Proper accounts payable management can help you better manage your cash flow and improve your financial outlook. Here’s a quick guide to accounts payable management.
What is accounts payable management?
Accounts payable management is the system you use to ensure invoices are paid on time, in the correct amount, to the right vendor. When your records are accurate and up to date, you can easily see when short-term debts are due and how much you’ve spent purchasing goods and services on short-term credit.
Accounts payable management strategies for small businesses aren’t so different from the way you manage your personal finances. For example, you might pay for personal expenses on credit because you need the cash in your account for something else. Similarly, businesses can also strategically manage their finances to increase their cash reserves while making sure that payments are made on time.
When you have a good accounts payable management system, you’ll avoid incurring late penalties, enjoy better credit ratings, build good relationships with your suppliers, and even prevent fraud. Switching to electronic accounts payable systems makes it easy to track your spending, payments, and cash reserves.

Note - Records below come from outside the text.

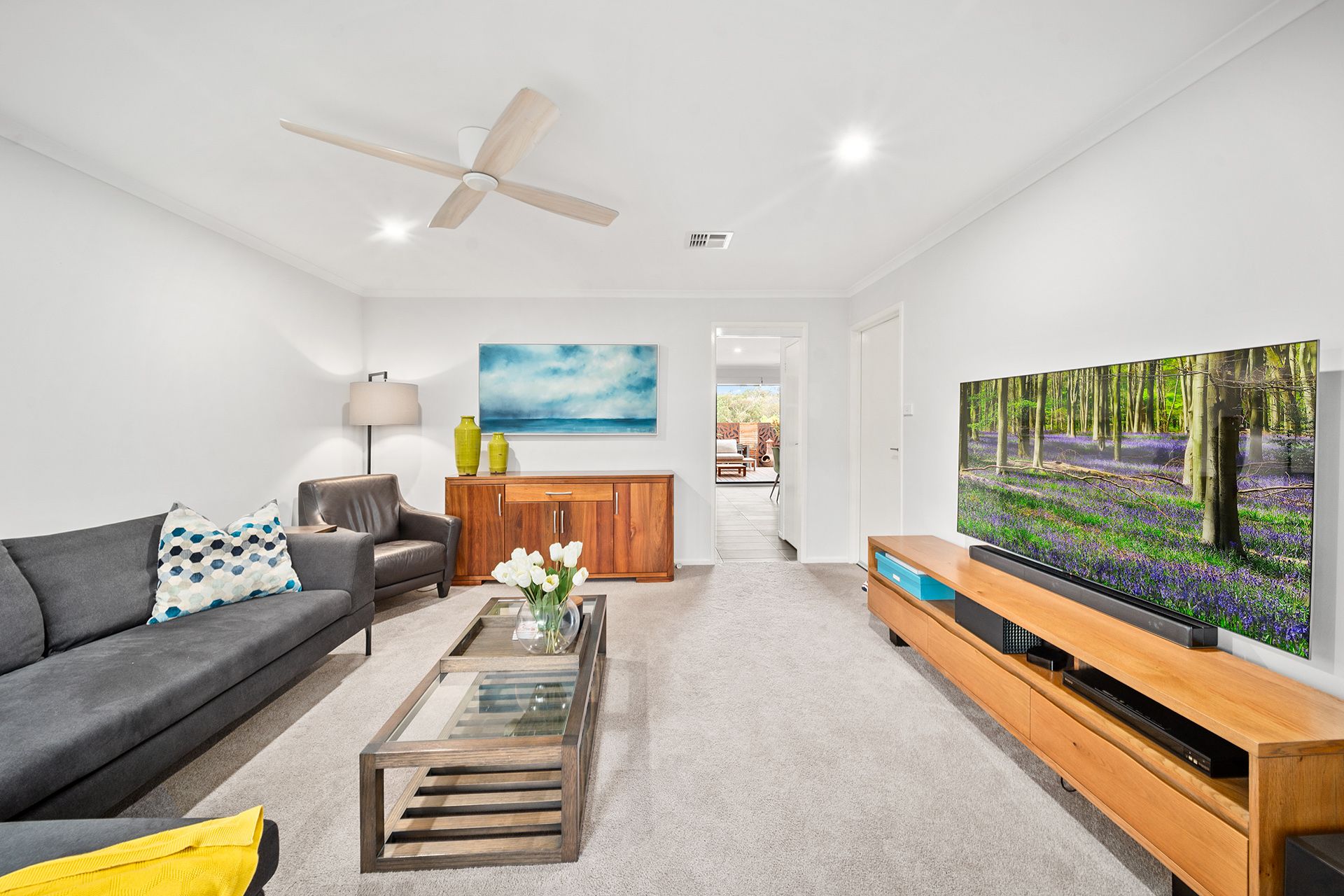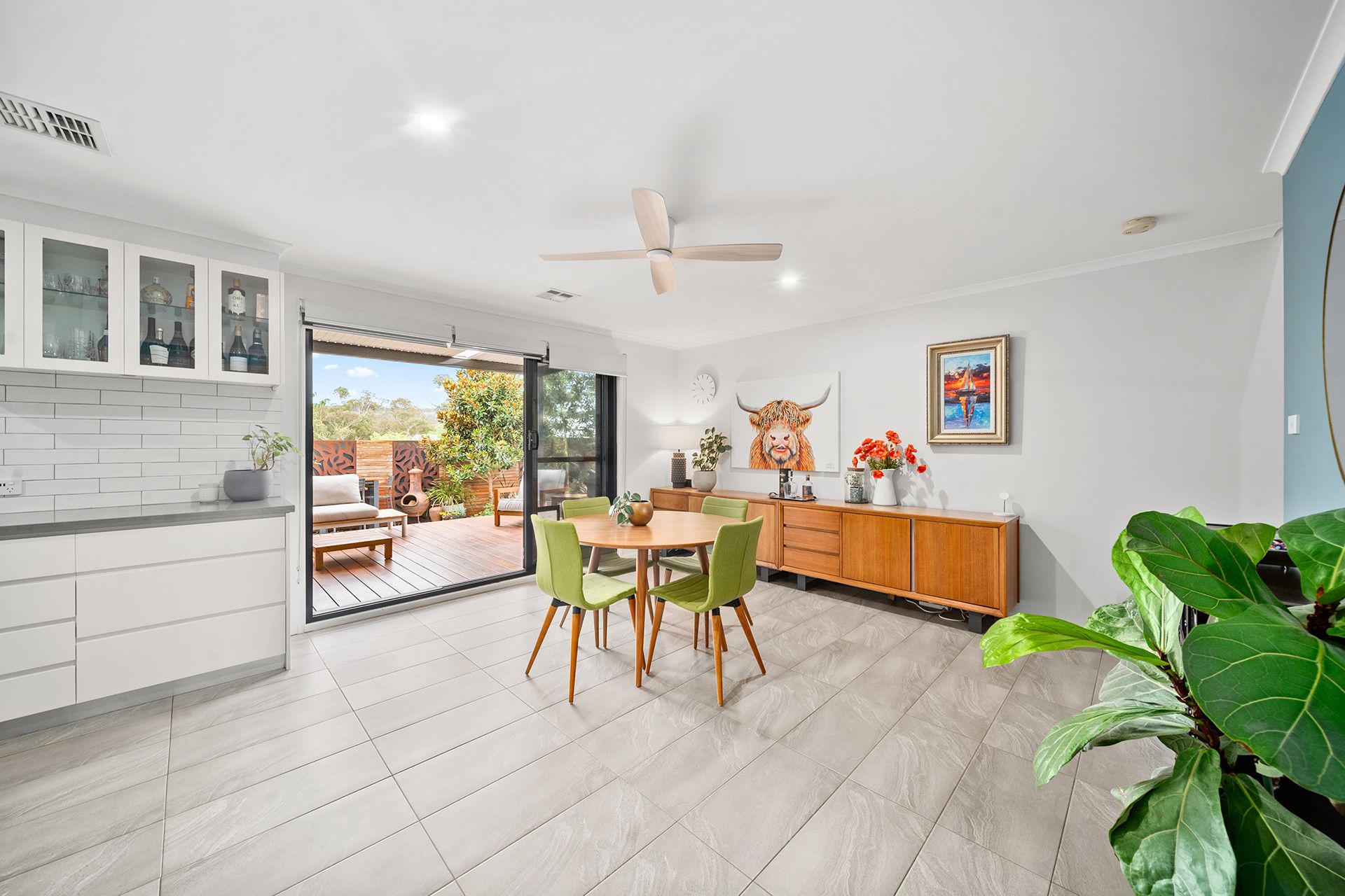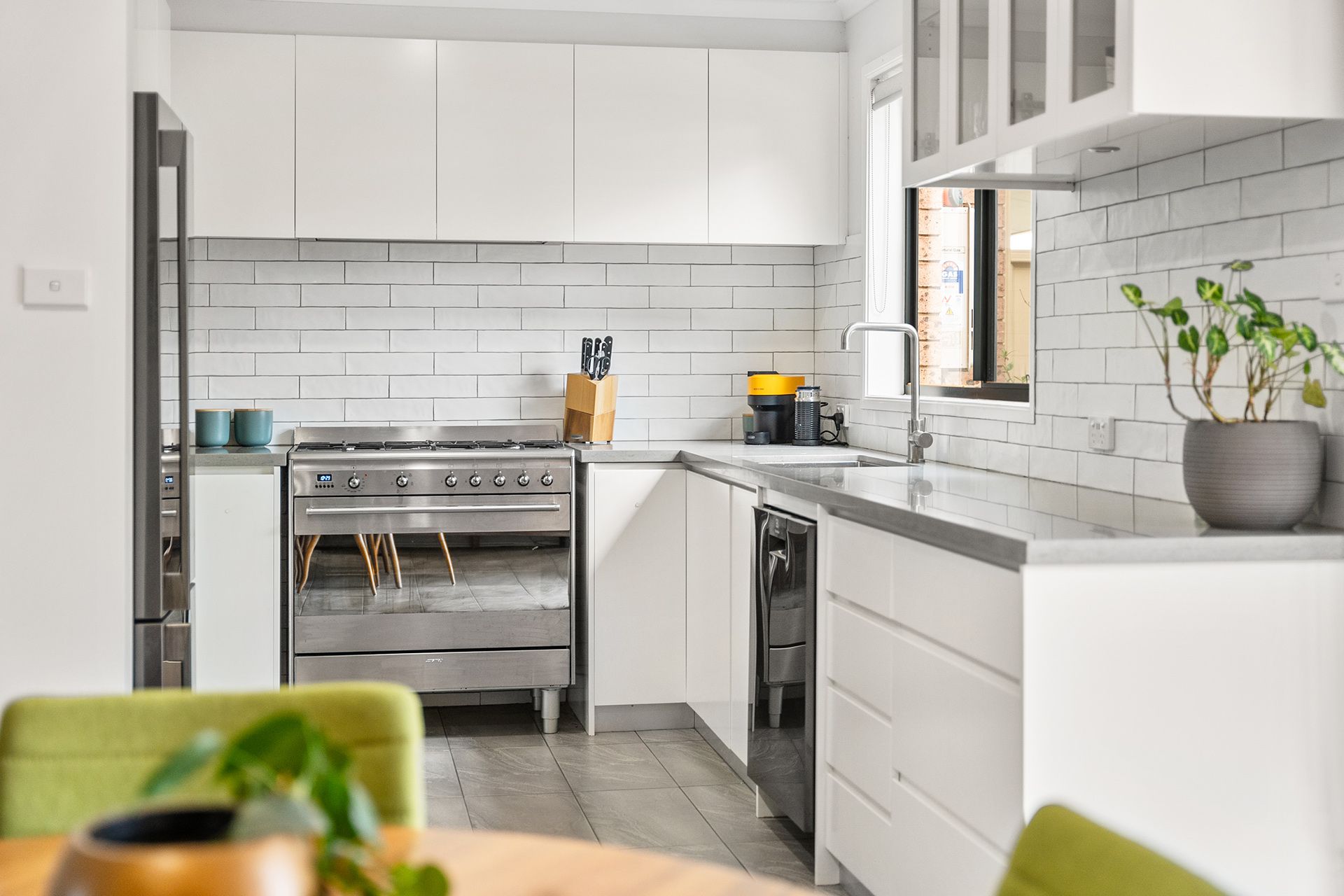 The property's open-plan living and dining area, complemented by a formal lounge at the front, is ideal for quiet relaxation or entertaining guests. The thoughtful floor plan ensures a seamless flow between spaces, maximizing both comfort and convenience. The renovated kitchen is a standout feature, boasting a high-end Smeg 5-burner gas cooktop, double electric oven, and a dishwasher. Generous cupboard space ensures plenty of storage, while the tiled flooring in the kitchen and dining areas makes for easy maintenance. The seamless connection between the kitchen, dining, and living spaces allows for easy interaction, whether preparing meals or hosting guests. Meanwhile, the carpeted lounge and bedrooms provide warmth and coziness.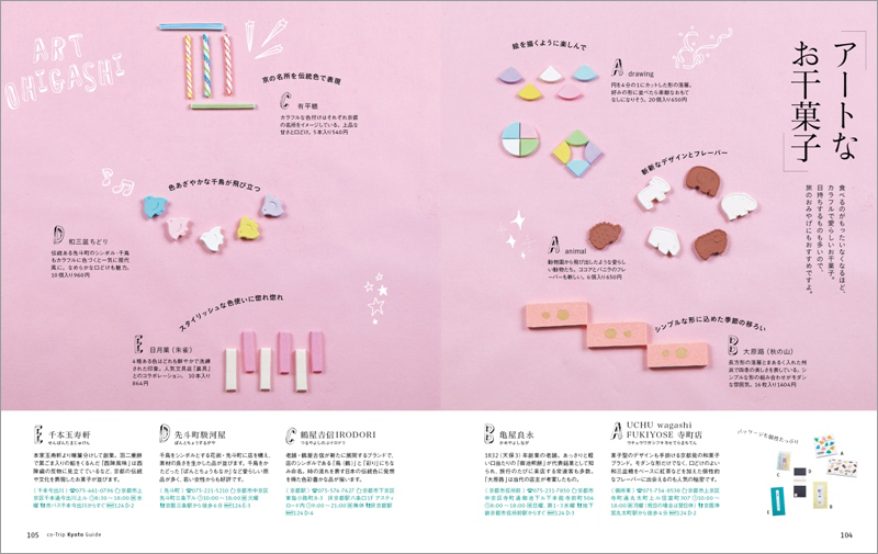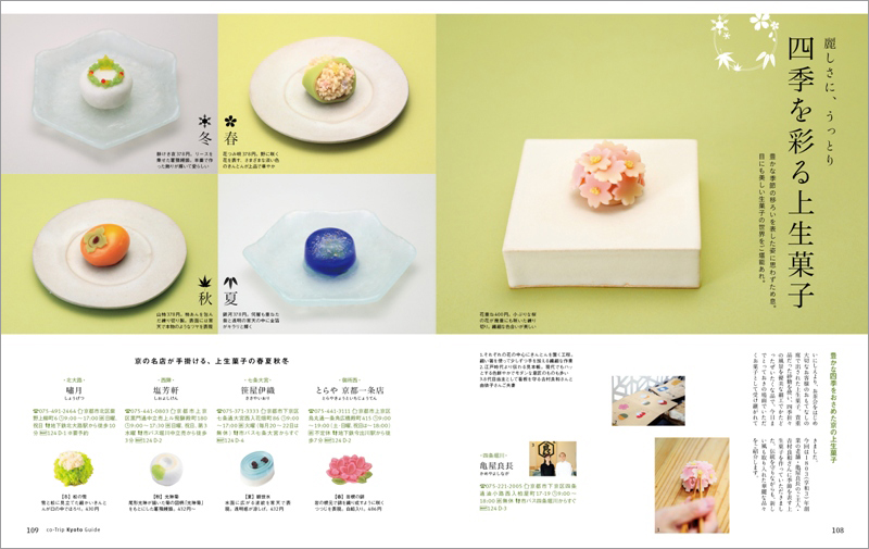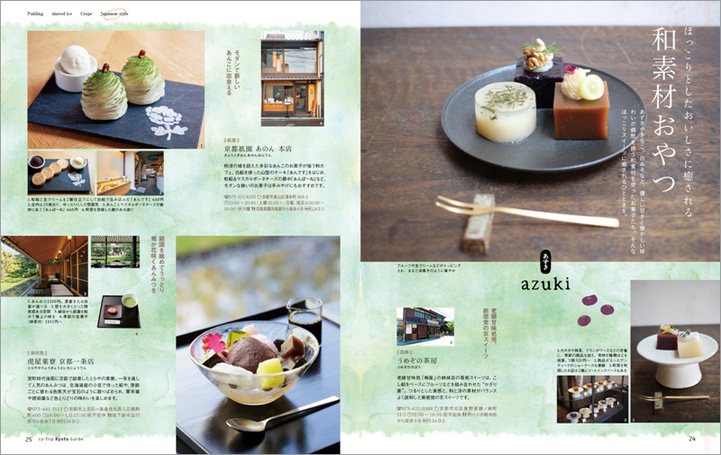 思わず食べてみたくなるキュートで上品なスイーツの数々。すぐに京都へ旅立ちたくなる誌面です。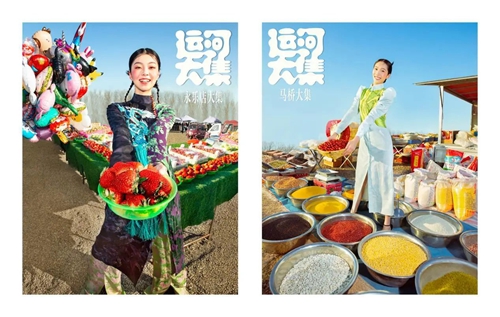 该系列选用八位模特,身着专门为运河文化设计的主题创新服装,以影像打卡形式,与市集元素创意结合,展现传统与现代的交融共生,突出集市繁荣景象、摊主各具特色的经营风貌。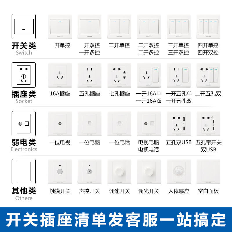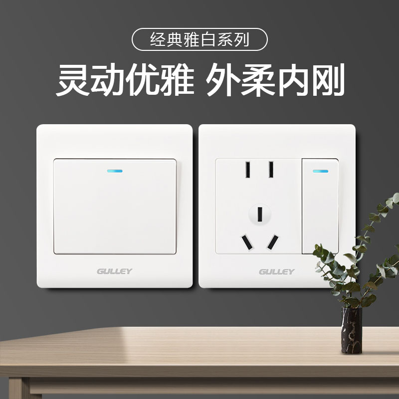 📚 国际电工86型墙壁雅白开关插座面板暗装一开单控五孔电源插1开5孔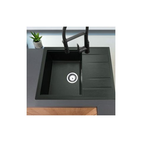 Brado Modern 6550 csepegtetőtálcás egymedencés gránit mosogató, manuális szifonnal, fekete-arany-szemcsés, beépíthető mosogatótálca termékleírás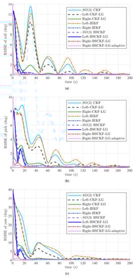 Simulation results of Case 1 are illustrated in Figure 3 and Table 1. Figure 3 compares the RMSEs of the Euler angles, while Table 1 summarizes the corresponding ARMSEs. With small initial attitude errors, the proposed BSCKF-type filters with cubature points performed better than other filters did and needed less time to reach a steady state. Right-BSCKF-LG and its adaptive version obviously outperformed the other filters. Simulation results also verified that the performance of Right-IEKF and Right-CKF-LG was similar and slightly better than that of Left-IEKF and Left-CKF-LG under small initial estimation errors. The selection of sliding window size could affect the estimation accuracy of Right-BSCKF-LG-adaptive, and the filtering accuracy of Right-BSCKF-LG-adaptive was not significantly better than that of Right-BSCKF-LG.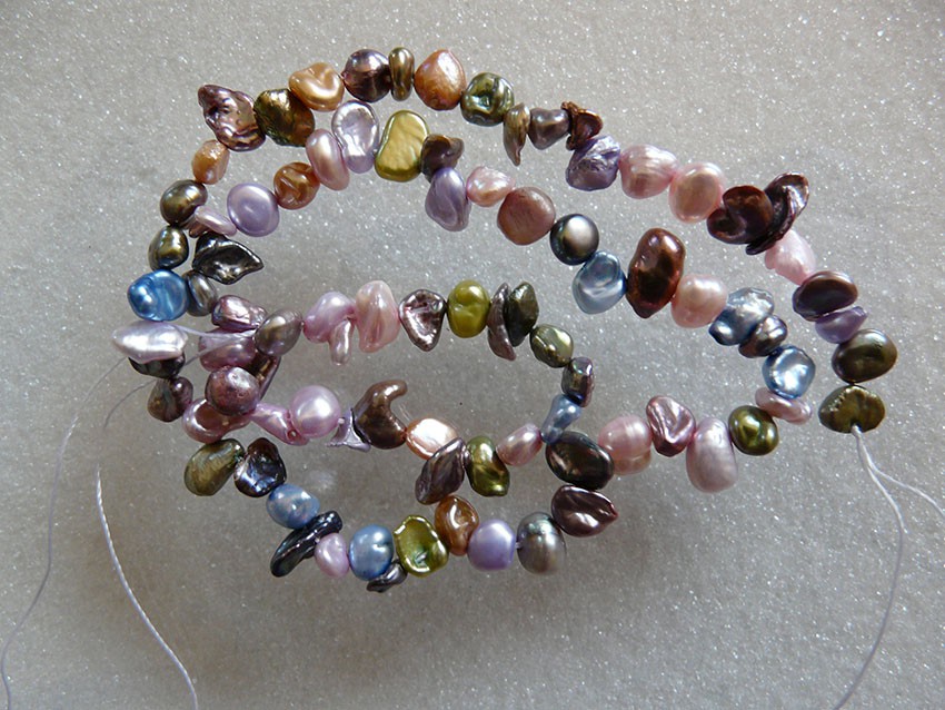 Perles d'eau douce keshi 5-9mm multicolores X demi rang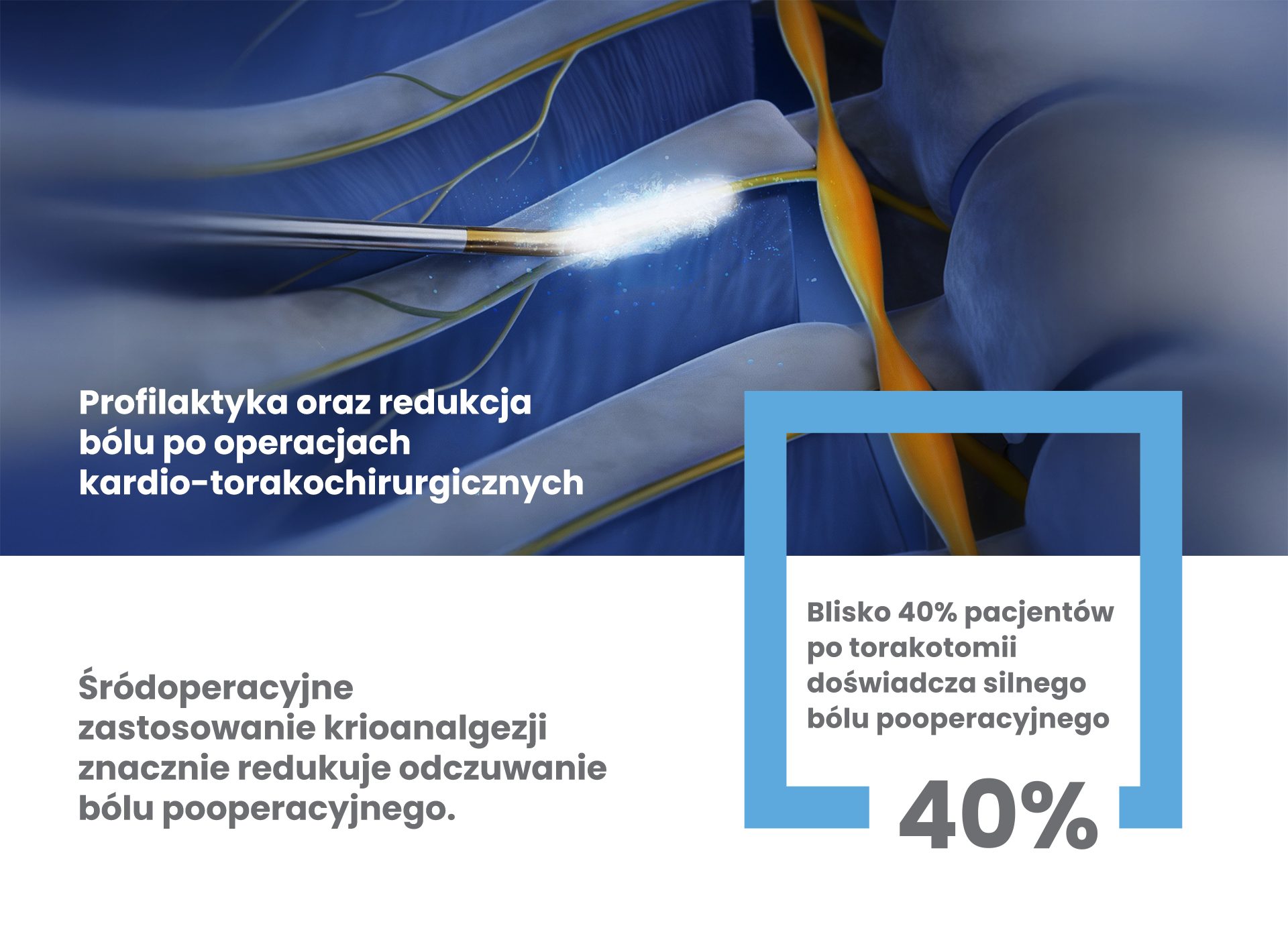 krioanalgezja może być alternatywą dla analgezji zewnątrzoponowej w leczeniu bólu po torakotomii, zapewniając porównywalną ulgę w bólu, przy mniejszym ryzyku powikłań. Dodatkową zaletą jest utrzymanie efektu redukcji bólu w dłuższym okresie rekonwalescencji pooperacyjnej

Guide to accounts payable management
Here are some tips to help you manage your accounts payable:
- Go digital: Accounts payable can be managed manually, but you’re way better off digitizing your data and processes. You’re less likely to experience human error, it’s cheaper and easier to store financial records, and you’ll have real-time insight into your company’s financial status. Making the switch to a digital system might take some time up front, but it definitely pays off in the long run.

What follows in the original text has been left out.